В представленной Синоду Эстонской Апостольской Православной Церкви «Отчетной ведомости о Печерском Успенском монастыре за 1929 год» игумен монастыря Петсерский (или Печерский) епископ Иоанн (Булин), ставший почти сразу деятельнейшим соработником и покровителем Движения, привел подробный отчет о работе съезда: «Съезд этот состоялся с разрешения Министерства внутренних Дел, сборным днем его было воскресенье 4 августа. В 11 часов вечера этого дня, по прибытии вечернего моторного поезда, в древнем Успенском соборе собрались до 250 человек — членов Движения и настоятелем монастыря был отслужен им молебен с произнесением соответствующего слова. Все съехавшиеся были размещены по свободным помещениям и многим братским кельям. Некоторые из братии переместились на время „Съезда“ на чердаки, дабы предоставить движенцам больше удобств. В последующие дни прибыло еще до 125 движенцев и друзей „Движения“ для участия на съезде. Работы съезда продолжались включительно до воскресенья 11-го августа, когда большинство его членов говело и приобщалось Св. Христовых Таин. Монастырь своим укладом, бытом и уставом совершенно покорил настроение движенцев. Все члены съезда ежедневно бывали за ранней литургией с 6 час. у. — 8 час. утра и за общей вечерней молитвой и богослужением в Успенском соборе. Сами движенцы пели в хоре и исполняли уставные чтения. Всем движенцам чрезвычайно понравилось пение хора монашествующих. Работа съезда описана в книжке, изданной на правах рукописи в ограниченном количестве экземпляров Ревельским объединением „Движения“ под заглавием „У родных святынь“ с видом на повседневный колокол „Большой Звонницы“. В числе членов съезда была молодежь из Эстонии, Латвии, Финляндии, Румынии, Литвы, Чехословакии, Бельгии и Франции, руководил съездом Лев Александрович Зандер. Сотрудниками его были: духовник Движения — протоиерей Сергий Четвериков, диакон Лев Николаевич Липеровский и Иван Аркадьевич Лаговской. На съезде перебывало много местного населения, полюбившего работу „Движения“»[46].

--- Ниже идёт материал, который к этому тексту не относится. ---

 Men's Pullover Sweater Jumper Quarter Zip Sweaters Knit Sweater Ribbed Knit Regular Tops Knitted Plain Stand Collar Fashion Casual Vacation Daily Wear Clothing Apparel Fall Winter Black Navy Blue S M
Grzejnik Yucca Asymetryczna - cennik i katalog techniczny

Именно в Печорах впервые большая группа движенцев из многих стран объединилась на недавней еще исторической русской территории, вернувшись на время в пределы, которые сам о. Сергий любовно, хотя и осторожно, именовал Святой Русью[47]. 8 августа до 200 участников съезда выезжали (без о. Сергия) в древний Изборск, где под водительством знатока истории края А. И. Макаровского[48] осматривали крепость, посетили все храмы и часовни и ухитрились в бинокли разглядеть псковский Троицкий собор и тогда еще не сваленную комсомольцами колокольню Снетогорского монастыря. Некоторые же особенно усердные, желая увидеть знаменитую звонницу и храмы с источником, добрались до Мальского погоста… «С этого дня, с видения Святой Руси начался „праздник съезда“ — великий взлет веры и любви, который, начиная с четверга, рос и ширился до самого конца съезда, он сломил лед самых холодных душ, сделав верующими неверующих, указал смысл жизни искавшим его и явил нам в своей высшей точке ослепительную истину торжества православия»[49].

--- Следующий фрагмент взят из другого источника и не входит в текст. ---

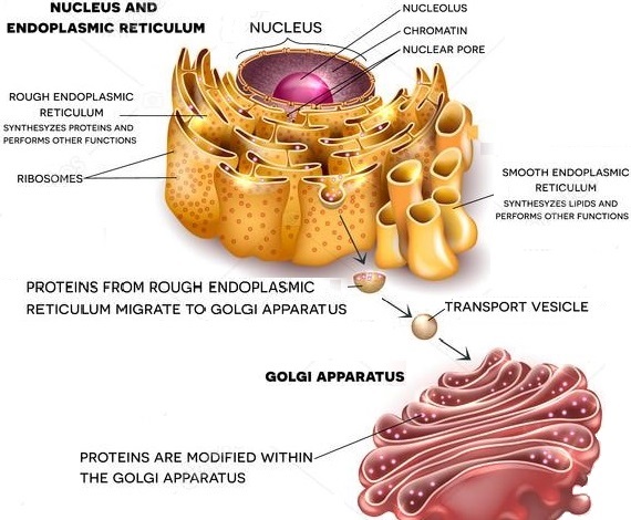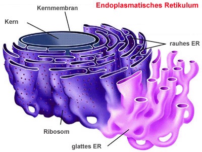 Ist ein stark gegliedertes Membransystem in allen tierischen und pflanzlichen Zellen und befindet sich an der Kernmembran des Zellkerns. Man unterscheidet: |
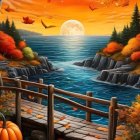 A serene landscape features a calm lake surrounded by vibrant autumn trees. The setting sun casts a golden glow, reflecting off the water, while a lone bird glides peacefully.
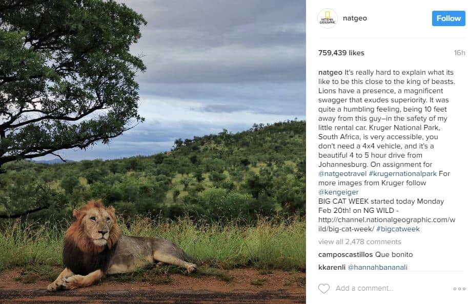 No longer just a print magazine, National Geographic has completely embraced new technology and taken advantage of Instagram. It boasts an impressive 70 million followers. The brand posts several photos and videos a day - all in the high quality you expect from National Geographic. The captions always mention where you can go to see more from the photographer, so followers will never be unsatisfied. The bio even includes a link to National Geographic’s photography page. If you’re wanting to see some amazing wildlife photography, look no further than National Geographic.
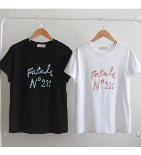 【適合春季的T卹】 【亮片字母是亮點】 【舒適又明亮、精緻色彩感感】 【適合日常穿著的修身T卹】 【
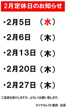 今月のお休みのご案内です。
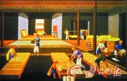 清代广州外销通草画体现的广州瓷器远洋运输前的包装场景。
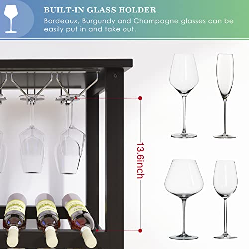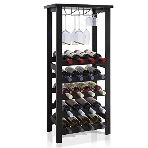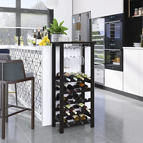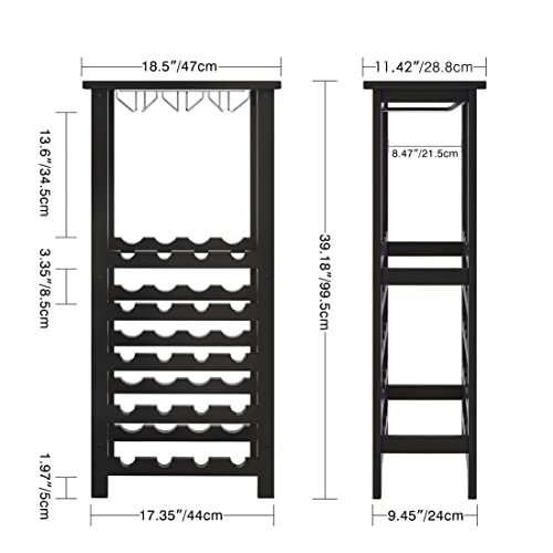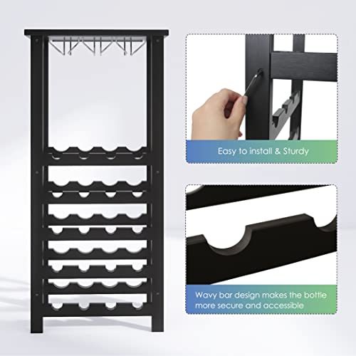 SMIBUY - حامل زجاجات مشروبات وكؤوس برفوف وسطح طاولة من سميبي، لتخزين 20 زجاجة، رفوف عرض قائمة بذاتها من الخيزران للمنزل والمطبخ والمخزن والقبو والمقهى (لون أسود)

Охватившие собравшихся ощущения отразились в отчете о съезде: «…посмотреть в Печерах изгнанникам эмигрантам, на чужбине живущим, есть что. Русь! Совсем как у Гоголя в „Мертвых душах“ — без конца и края лежит она со всем своим добром и злом. Такая она и тут… Русские избы, заваленки со старухами в темных платках, парни с гармонями и гитарами да девушки с семечками. Бабы и ребята — с ног до головы русские, обилие чайных и, увы, питейных заведений. Русь со всеми своими качествами, пороками. А вокруг поля да леса с деревеньками; а в деревеньках этих еще чище, еще глубже живет Русь, исконная, крестьянская. И идет так до самой грани-рубежа, где стонет Русь под пятой Змея Горыныча, страшного дракона красного, посягнувшего на православную веру. А тут, слава Богу, стоит еще уголок ее со своими звонами колокольными, со своими силами непочатыми, со своими мужиками неиспорченными. Русь! Ты нас окружила, ты нас благословила своими святынями, ты завещала нам бороться за веру православную, ты вдохнула в нас силы животворящие»[50]. Движенцам явился и наглядный пример живого усердия местных жителей к делу православия — они осмотрели постройку новой каменной часовни, возводившейся в эти самые дни на месте явления Пресвятой Богородицы у стен крепости[51]… Здесь каждый имел возможность сравнить положение православных в лютеранской Эстонии и в советской России, где ровно неделей ранее, в ночь на 30 июля, была в несколько часов срыта величайшая московская святыня — Иверская часовня у Красной площади, под газетные сообщения о каковом событии собравшиеся и выезжали на съезд[52]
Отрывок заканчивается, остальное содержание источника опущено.